__Supplied information__
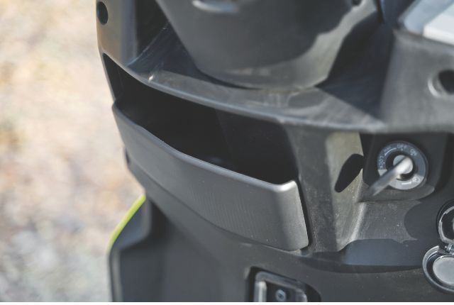 Glance further down, and the opening to the apron-mounted cubbyhole may seem unintuitive to use. But if you’re finding it difficult to take out your mobile, won’t it be the same for a potential thief? Or for the mobile itself, if you go over a bump? So take a bow, TVS. Er, wait; the USB port on the handlebar stalk means your mobile is both accessible and can be replenished on the move. Yes, detractors may say the cubbyhole’s hard plastic could damage their prized possession, and prefer to keep it in their bag. For them, TVS has equipped the apron with a tough-looking hook that snaps shut when you secure your bag on the floorboard. Ok, TVS, now you can take that bow!
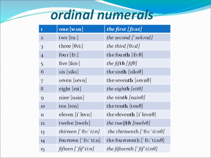 Слайд 18ordinal numerals
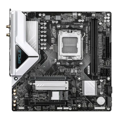 The GIGABYTE B840M EAGLE WIFI6 AM5 Motherboard supports AMD Ryzen 9000, 8000, and 7000 Series processors on the AMD Socket AM5 platform. Powered by the AMD B840 chipset, the GIGABYTE Motherboard ensures stable computing with a digital 5+2+2 phases VRM solution. Dual channel DDR5 architecture supports up to 128GB across two DIMMs with speeds reaching 7600 MT/s overclocked. AMD EXPO and XMP profiles optimize memory, while D5 Bionic Corsa enhances infinite memory performance. The GIGABYTE B840M EAGLE WIFI6 Motherboard has EZ-Latch PCIe and M.2 slots feature quick release and screwless design for effortless installation. M.2 heatsinks also use screwless EZ-Latch design, supported by VRM Thermal Armor Advanced and M.2 Thermal Guard. The GIGABYTE Motherboard includes two M.2 connectors and four SATA 6Gb/s ports with RAID 0,1,5,10 support. PCIe UD Slot provides 10X strength for graphics cards and improved heat dissipation. The GIGABYTE B840M EAGLE WIFI6 Motherboard integrated AMD Radeon Graphics supports DisplayPort 1.4 at 3840x2160@144Hz and HDMI 2.1 at 4096x2160@60Hz with HDR. Realtek 2.5GbE LAN and Realtek Wi-Fi 6 RTL8851BE with Bluetooth 5.3 deliver fast networking. Expansion includes PCIe 4.0 x16 CPU slot and PCIe 3.0 x4 chipset slot. USB connectivity covers USB 3.2 Gen1, USB Type-C header, and multiple USB 2.0 ports. The GIGABYTE B840M EAGLE WIFI6 AM5 Motherboard has internal connectors include ATX power, fan and pump headers, RGB Gen2 headers, TPM header, and Clear CMOS jumper. Back panel offers PS/2, Q-Flash Plus button, SMA antenna connectors, RJ-45, audio jacks, HDMI, and DisplayPort. Licensed AMI UEFI BIOS with 256 Mbit flash supports Q-Flash, Smart Backup, and GCC software. Micro ATX form factor ensures compatibility with Windows 11 and Windows 10 64-bit systems.
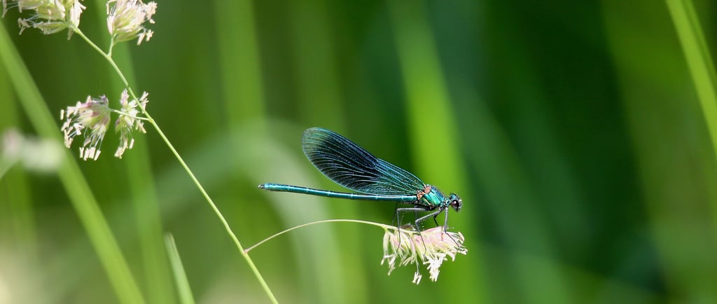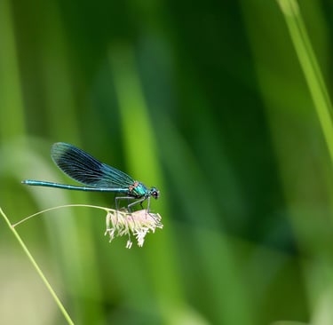 Damselfly wings are clear and veined like stained glass. Their abdomens are long and narrow like painted sticks, often bright blue, green, or bronze depending on the species and sex. Males often wear brighter colors 💙 to stand out, while females are more softly painted 🌿, blending into the reeds as they lay their eggs.
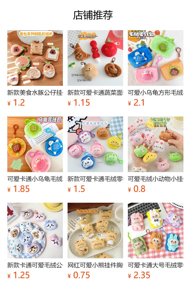 귀여운 봉제 동물 펜던트 만화 인형 열쇠고리 소녀 감성 가방 장식품 이벤트 소품 도매스토어 가기
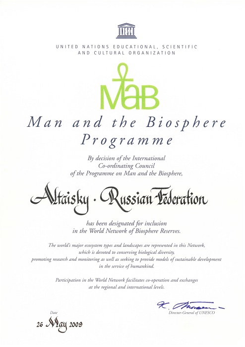 26 мая 2009 года Алтайскому государственному природному заповеднику был присвоен статус биосферного.
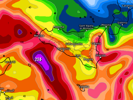 Notate gli accumuli preoccupanti previsti tra il 14 e il 15 ottobre tra il Nuorese e l’Ogliastra in arrivo dal mare (colore viola), stessa situazione qui sotto prevista sulla Sicilia nello stesso intervallo temporale, qui rischiano Trapanese, Marsalese e Agrigentino, anche se gli accumuli più preoccupanti sembrerebbero rimanere in mare aperto:
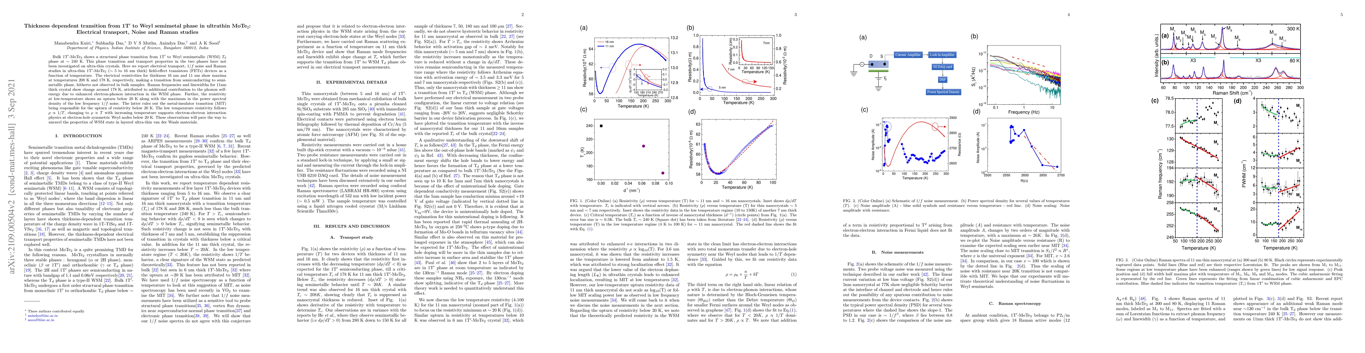 This study investigates the thickness-dependent phase transition in ultrathin MoTe$_2$ from 1T$^\prime$ to Weyl semimetal phase, revealing a transition from semiconducting to semi-metallic behavior at lower temperatures than in bulk samples, and identifying electron-electron interactions at Weyl nodes below 20 K.
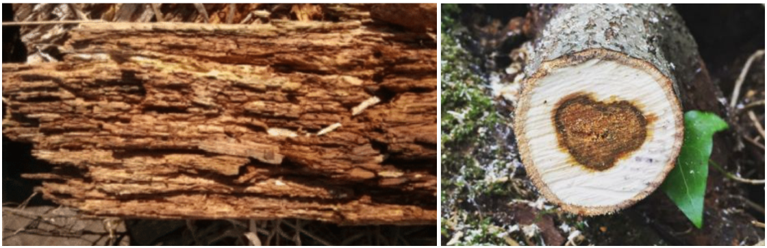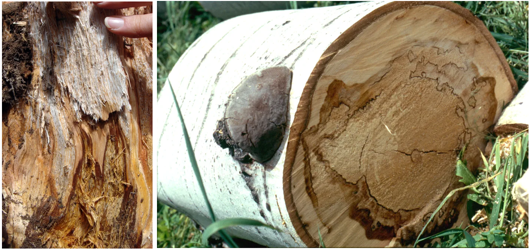 caused by the decomposition, and the photo on the right by ResearchGate shows a decayed cross-section of a trunk*
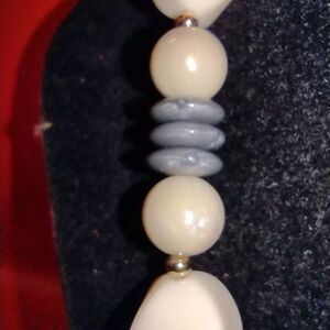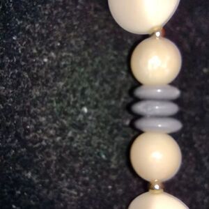 VTG Trifari Cream And Gray Acrylic bead 16" necklace With Gold Tone Spacers NWT
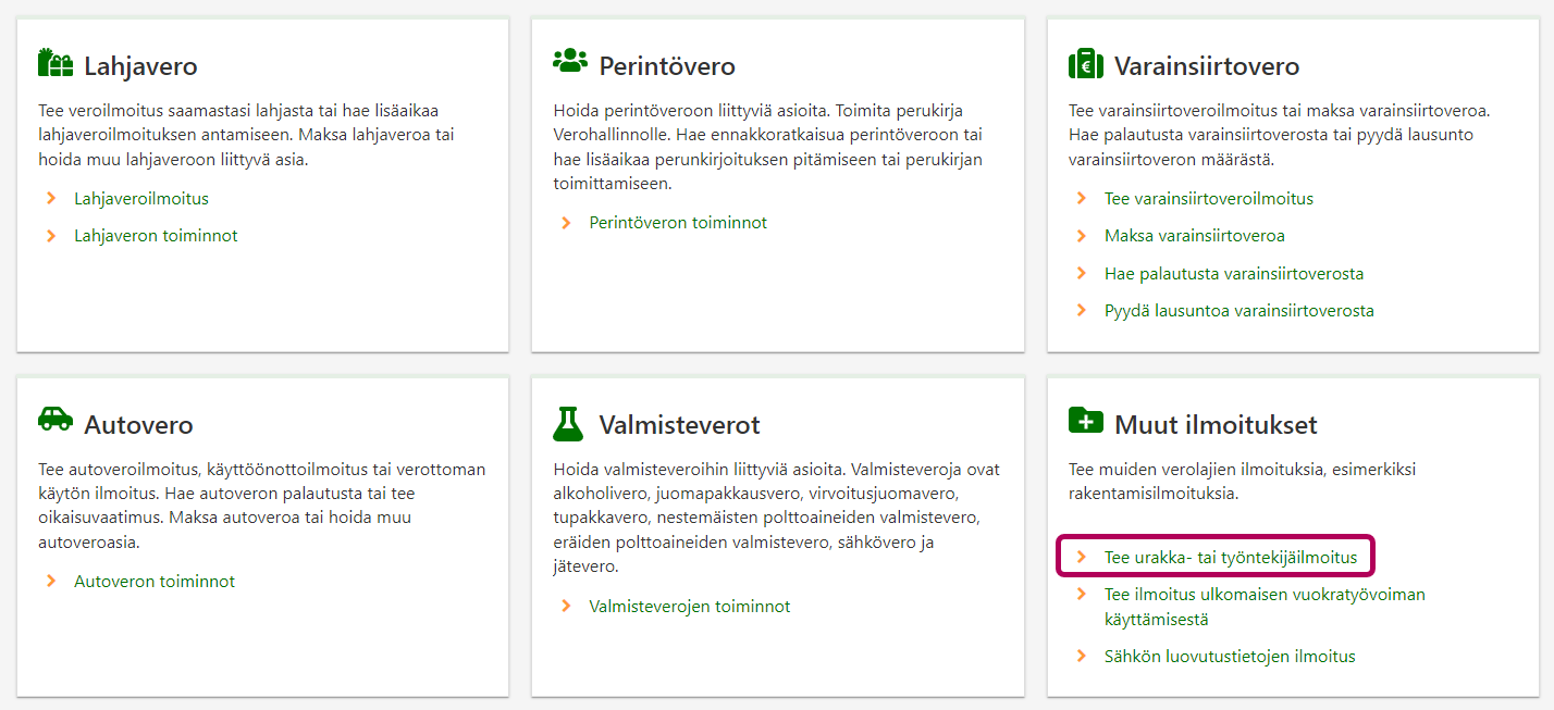 Valitse kohdasta Muut ilmoitukset linkki Tee urakka- tai työntekijäilmoitus.
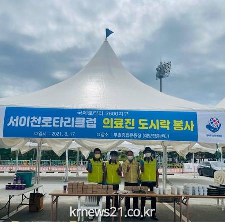 ▲ [사진제공 = 이천시]서이천 로타리클럽(회장 정의석, 회원48명)은 17일 부발읍 소재 코로나19 예방접종센터를 방문하여 코로나19 예방접종 추진에 전력을 기울이고 있는 의료진 및 종사자들을 격려하기 위해 자활센터에서 준비한 점심 도시락 100개와 시니어클럽에서 준비한 커피와 음료를 제공하였다.
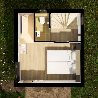 - Bedroom with two single box spring beds on the first floor
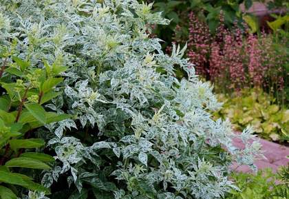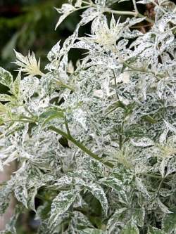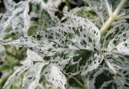 Бузина Pulverulenta (Пулвирулента). Необычный вид придают большие белые пятна на листьях, которые могут достигать таких размеров, что издалека кажутся белоснежными цветами, покрывающими кустарник. Настоящие цветы у этой бузины, действительно, белые, но имеют желтоватый оттенок. Эта бузина любит щелочные почвы, но в остальном к составу не требовательна. Ее листья часто привлекают тлей, поэтому уход за Pulverulenta (Пулвирулента) включает в себя и обработку специальными препаратами. Сажать эту бузину нужно в полутенистых местах, так как прямые солнечные лучи могут причинять ожоги, особенно во время засухи. Полную тень Pulverulenta (Пулвирулента) тоже переносит неплохо, хотя растет в таких местах медленнее.
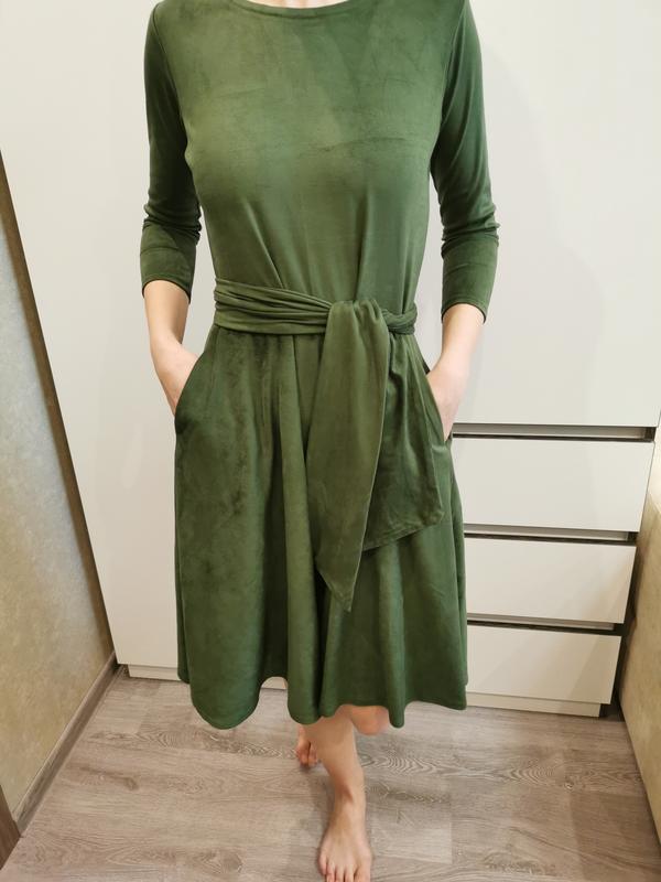 Сукня з замшевої тканини Розмір xc В ідеальному стані Смарагдового кольору Довжина 100 см ПОТ 35 см ПОГ 43 см Рукав від плеча 46 см Додаткові фото і заміри надам при потребі
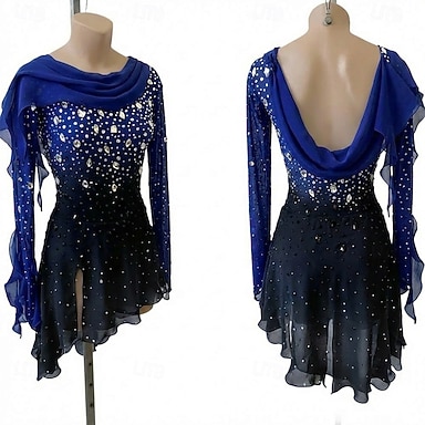 Robe de patinage artistique Femmes Patinage Robe Bleu Patchwork Dos Nu Élastique Entraînement Compétition Tenue de Patinage Classique cristal pailleté manche longue Patinage sur glace Patinage
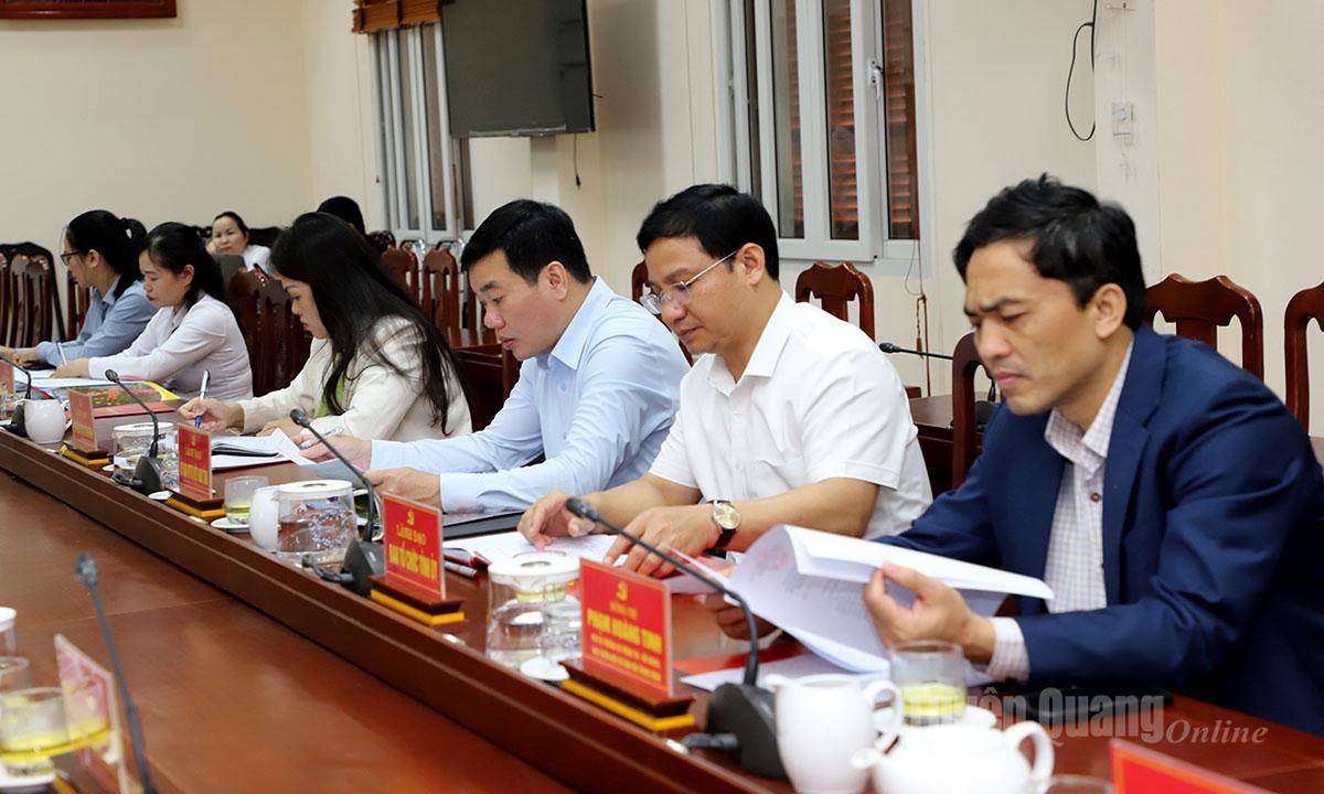 Trưởng Ban Tuyên giáo và Dân vận Tỉnh ủy Trần Mạnh Lợi thảo luận tại buổi làm việc.

__Instructions to follow__
Starting with the line that contains "Сукня з замшевої", give the lines again exactly as they appear through the last line of the data, pictures excluded.

__Solution for this problem__
 Сукня з замшевої тканини Розмір xc В ідеальному стані Смарагдового кольору Довжина 100 см ПОТ 35 см ПОГ 43 см Рукав від плеча 46 см Додаткові фото і заміри надам при потребі
 Robe de patinage artistique Femmes Patinage Robe Bleu Patchwork Dos Nu Élastique Entraînement Compétition Tenue de Patinage Classique cristal pailleté manche longue Patinage sur glace Patinage
 Trưởng Ban Tuyên giáo và Dân vận Tỉnh ủy Trần Mạnh Lợi thảo luận tại buổi làm việc.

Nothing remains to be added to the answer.